After graduating from the London School of Economics (1994), he worked at the UK Paliament as a researcher and parliamentary assistant for a number of years, and was part of John Major's campaign team in the 1995 Conservative Party leadership election against John Redwood. Between 1997 and 2001 he was General Secretary of the cross-party Movement for Christian Democracy. He founded Ekklesia, a think-tank which "works to promote radical theological ideas in public life".

[edit] Broadcasting

He is a regular contributor to BBC One's The Big Questions, BBC Radio 4's 'Thought for the Day' and ITV1's 'The Moral of the Story', and is a columnist for The Church Times. He has been a guest on BBC Radio 4's The Moral Maze and has written for The Guardian newspaper.

[edit] Public Theology

Bartley has lectured in Theology and Politics at Sarum College in Salisbury, has served on the Church of England Evangelical Council, and is a regular speaker at the Greenbelt Christian festival. He is a supporter of Christian Peacemaker Teams, a pacifist organisation, and acts as press officer on their behalf in the UK.

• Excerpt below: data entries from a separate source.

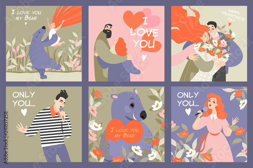 Pool party concept vector illustration. Summer vacation at poolside. Happy people swim in swiming pool. Hand drawn poll party posters set.
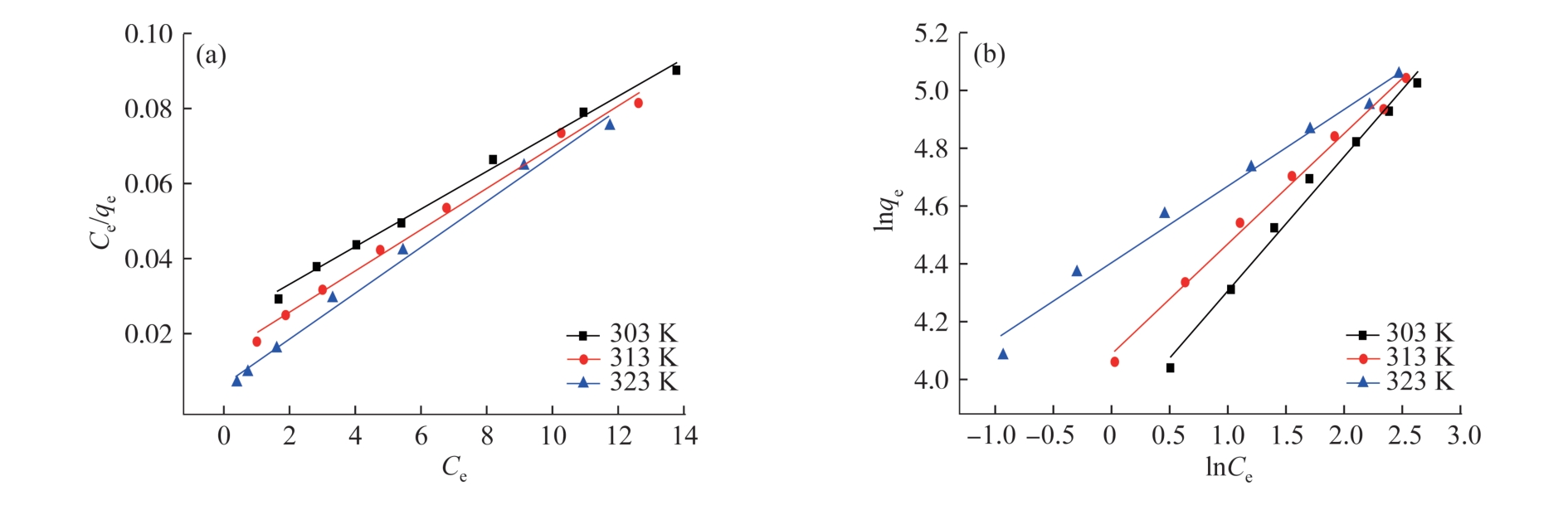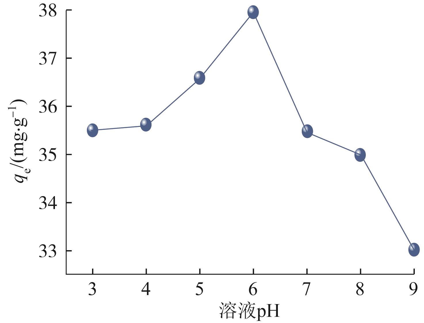 利用溶剂热法制备了Ni-MIL-53(Fe)复合材料,通过改变液相体系的pH、温度、浓度等条件对Ni-MIL-53(Fe)吸附亚甲基蓝(MB)的性能进行了探究。结果表明,Ni-MIL-53(Fe)吸附MB的最优pH为6,在一定的考察区间内,吸附量随MB初始质量浓度和温度的升高而逐渐升高。Ni-MIL-53(Fe)对MB的吸附过程符合Langmuir等温吸附模型和二级动力学模型,323 K下最大理论吸附量可达198.8 mg/g。303、313、323 K温度下Ni-MIL-53(Fe)吸附MB的ΔG均小于0,证明该复合材料吸附MB的过程是自发进行的;ΔΗ>0,说明该复合材料对MB的吸附是吸热反应。Ni-MIL-53(Fe)再生循环利用5次后对MB的去除率依然良好,说明该复合材料循环利用性能良好。
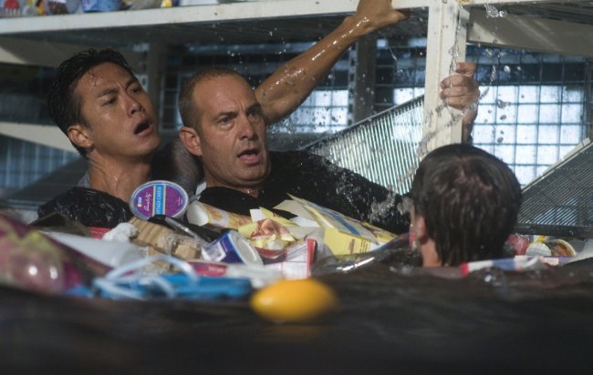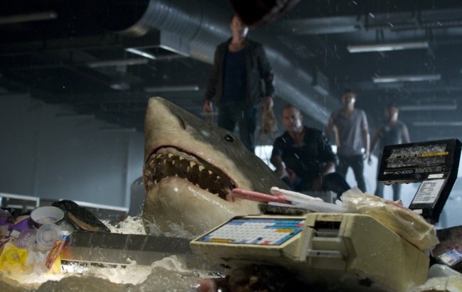 , действие «Цунами» разворачивается на территории супермаркета. Только вместо чудовищ и зомби героям угрожают вода, затопившая половину здания в результате гигантской волны, и зубастые хищники, имя которым белые акулы. Хорошо хоть среди оставшихся в живых есть бывший спасатель, переживающий гибель своего друга и коллеги, полицейский, пострадавший во время цунами, грабитель и бывшая девушка спасателя, которая тоже не лыком шита. Персонажей, разумеется, в фильме побольше, но именно этим четверым да парню, спасшемуся от потопа в подземном гараже, предстоит решить судьбу всех, кто спасся и от постоянно пребывающей воды, и от голодных акул.
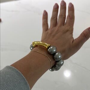 Elegant Gray Pearl Beaded Bracelet w 14k over brass piece
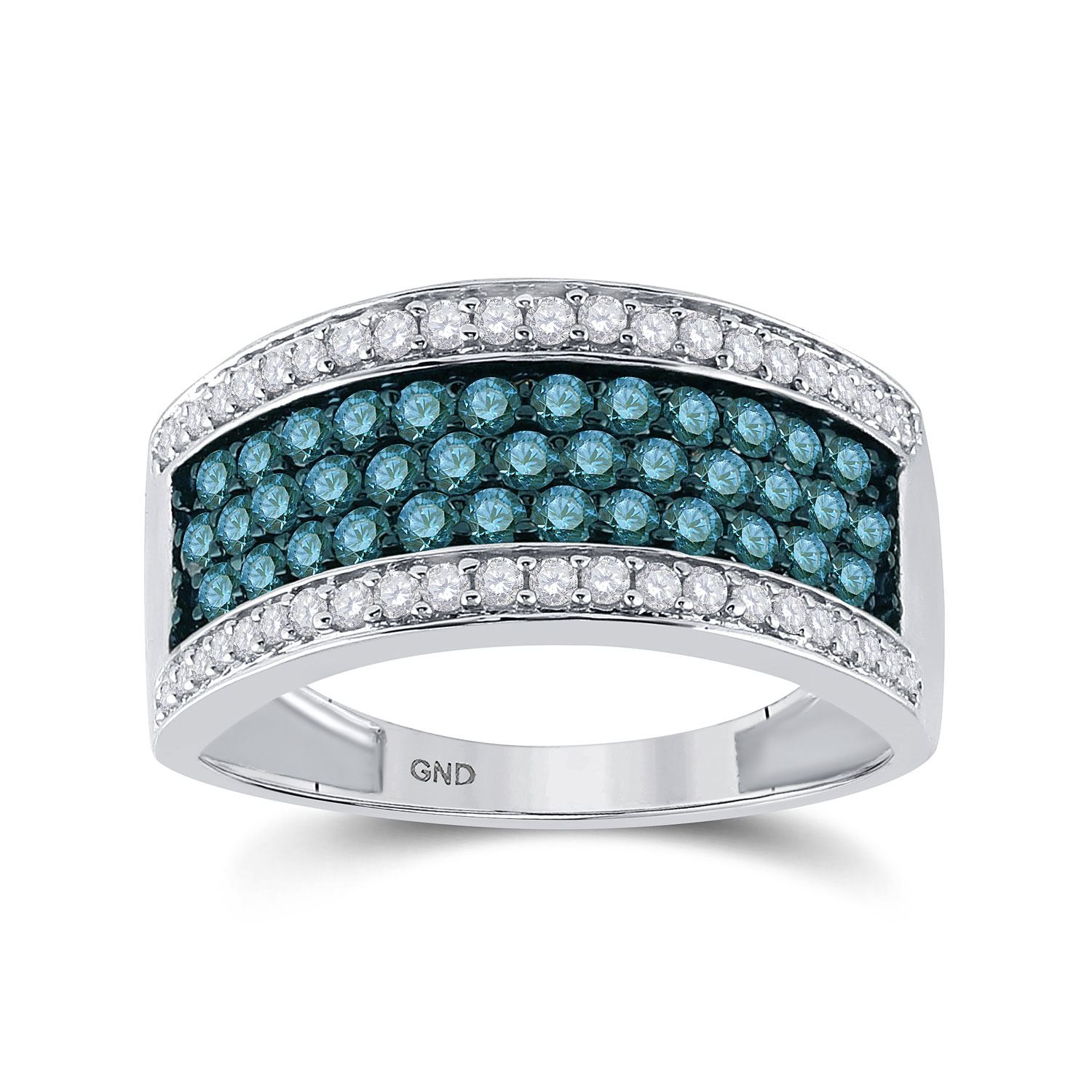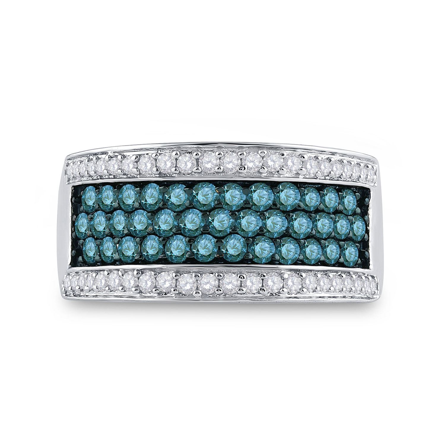 10kt White Gold Womens Round Blue Color Enhanced Diamond Triple Stripe Band 1.00 Cttw
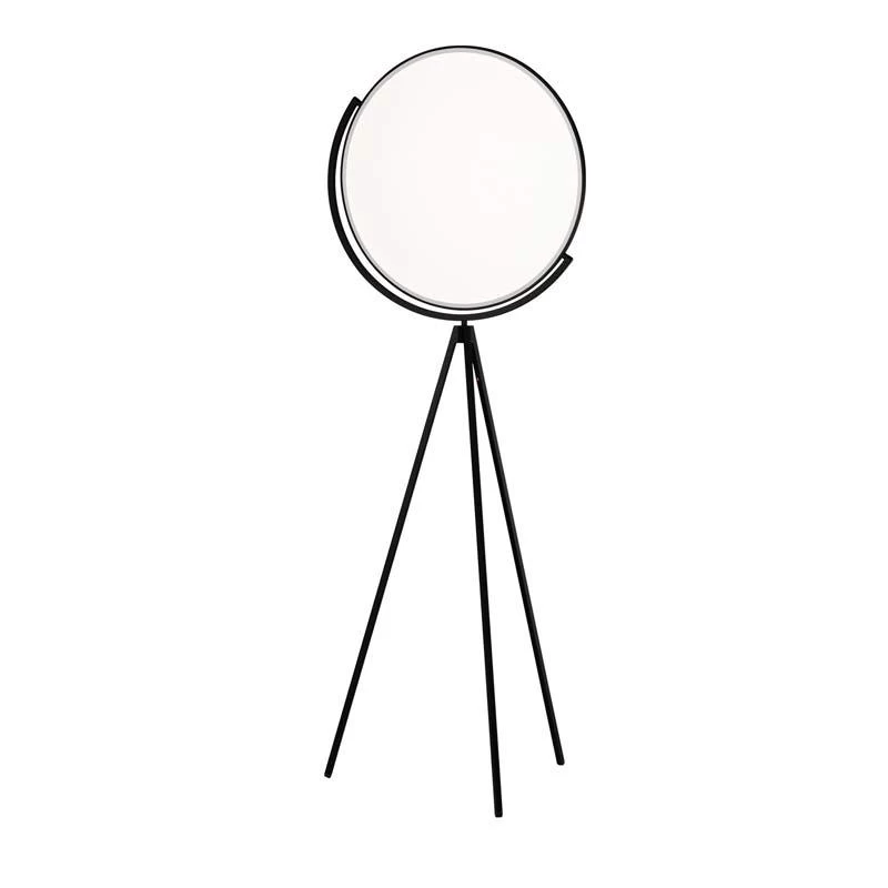 Floor lamp providing direct light. Frame in a painted or chrome-plated aluminum frame with a metal spinning head. Diffuser in silk-screened PMMA.
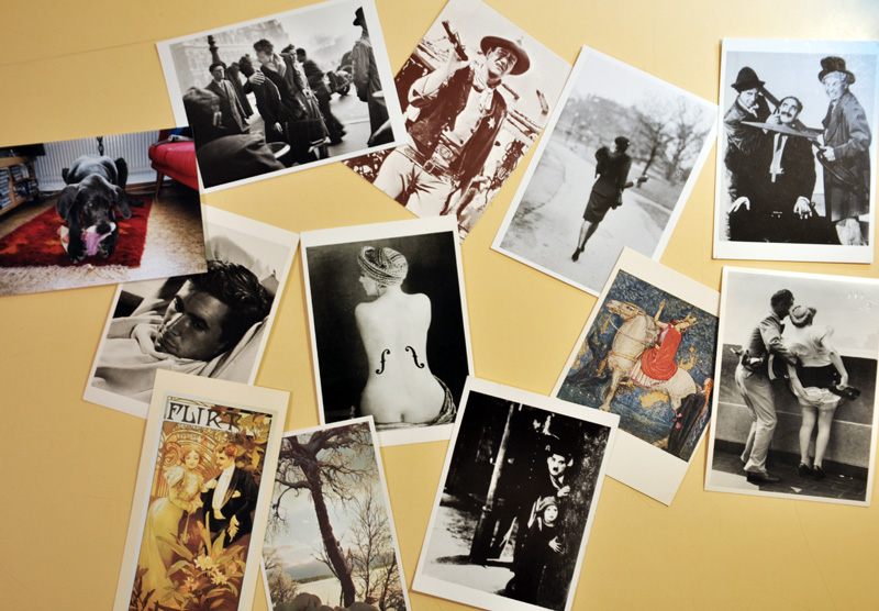 De vita hyllorna stod i huset när vi köpte det. De fick vara kvar även om jag kanske drömmer lite om en fin gammal teakbokhylla så tror jag nog de här får bestå ändå. Det är liksom inte mycket väggplats att jobba med eftersom det är snedtak och på motsatta sidan finns en trevlig gammal inbyggd garderob som förvarar mina stuvbitar ytterst tillfredsställande. Teakbokyllor kanske man får fylla vardagsrummet med istället, där väggytan är lite mer generös. Väggen ovanför mitt tillklippningsbord känns dock väldigt bar och jag kom på att jag har en fin samling med vykort som skulle kunna göra om den tomma väggytan till en inspirations-vägg. Nu är frågan bara hur jag ska ordna upp det. Jag vill ju inte sätta nålar i mina fina vykort. Kanske skulle sätta upp trådar och fästa dem med sådana där små miniklädnypor som jag sett någonstans? Eller ska man rama in dem kanske och sätta upp som tavlor? Det där får jag nog allt klura på ett tag till…
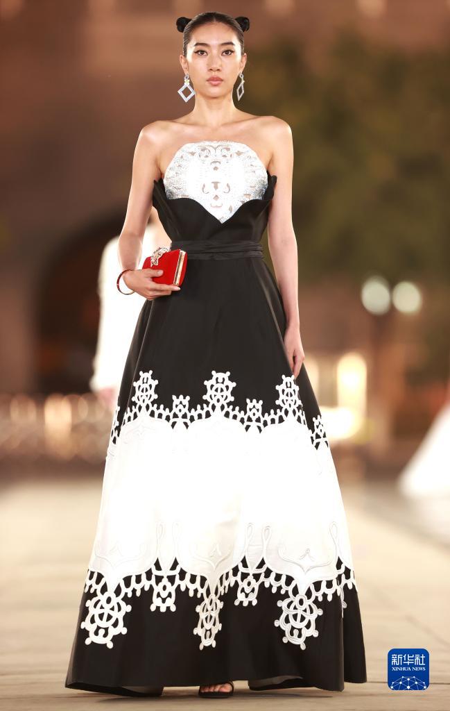 9月15日晚,2024春夏北京時裝周開幕式在北京前門大街舉行,在開幕式上,勞倫斯·許攜高級定制時裝上演“壯美中軸線”時尚大秀。
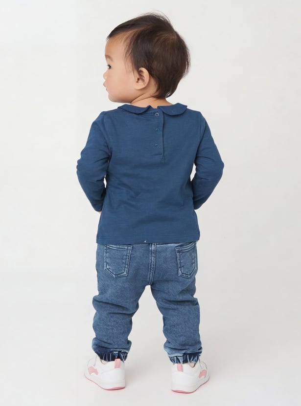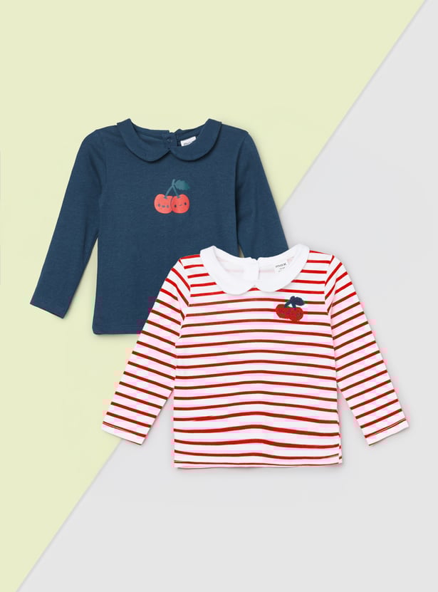 Refresh your wardrobe with this assorted pack of 2 tops. Each piece features a charming Peterpan collar, full sleeves, and a snap button closure at the back, blending comfort with a touch of classic elegance.
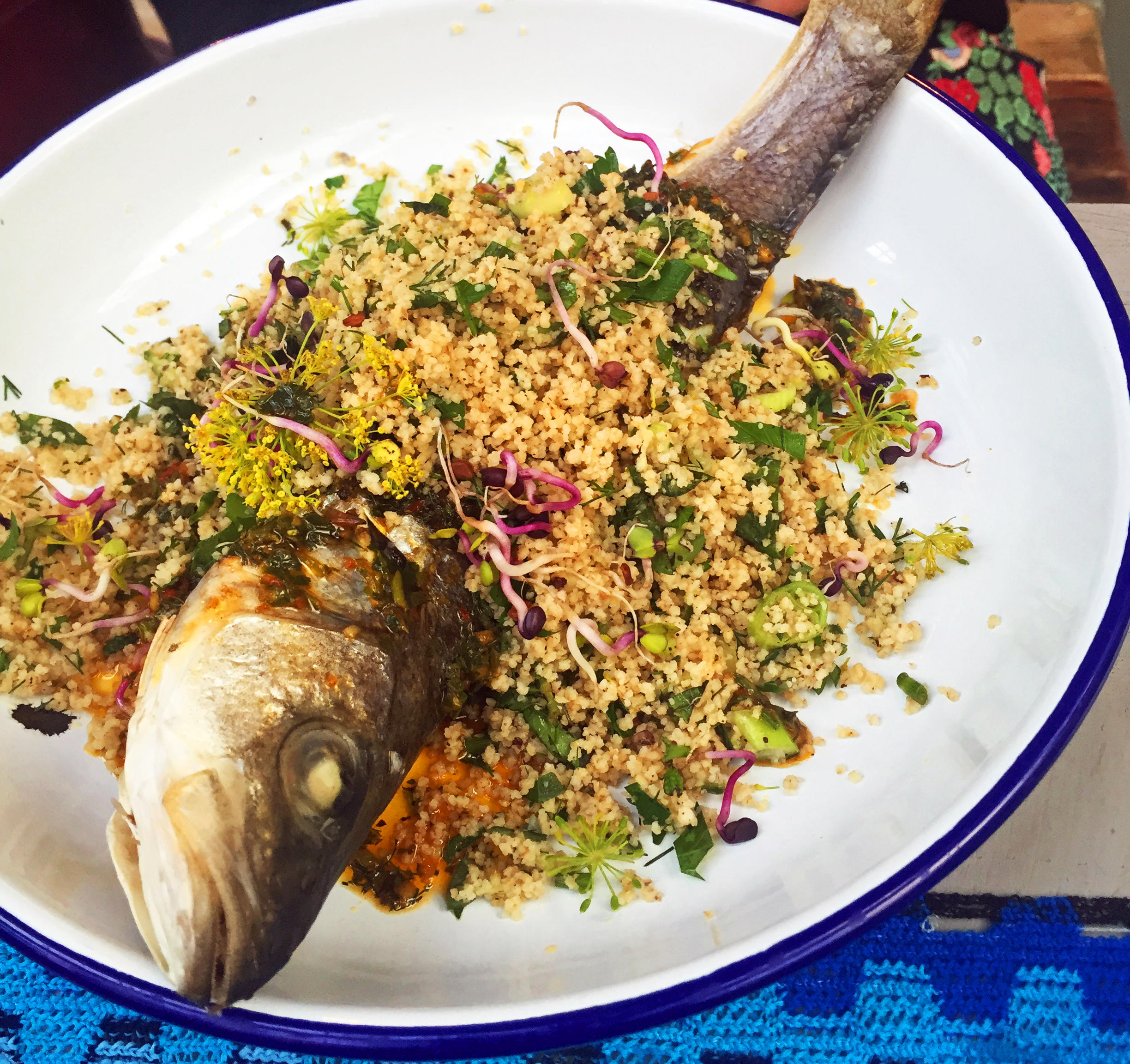 The fish came whole on a plate not really big enough for dissection. They use the same enamel bowls they sell in their shop. I was given a separate dish to put the bones in but it still meant being very careful, warily chewing every bit slowly – probably good for the digestion but not for the enjoyment of the dish. The tabouleh/couscous was very good and a shame it wasn’t part of the veggie dish. The fennel was soft enough but gave a bit of texture too.

Bartley has spoken publicly in defence of Dr Jeffrey John's attack on penal substitutionary atonement. He defends the full participation of gay and lesbian people in the church as an outworking of the Christian gospel.

His theological perspective is shaped by a commitment to Christian nonviolence.

[edit] Books

  • The Subversive Manifesto: lifting the lid on God's political agenda (Bible Reading Fellowship, 2004).
  • Your Child and the Internet (Hodder, 2004).
  • (Co-editor) Consuming Passion: Why The Killing of Jesus Really Matters (DLT, 2005)
  • Faith and Politics After Christendom: the church as a movement for anarchy (Paternoster, 2006).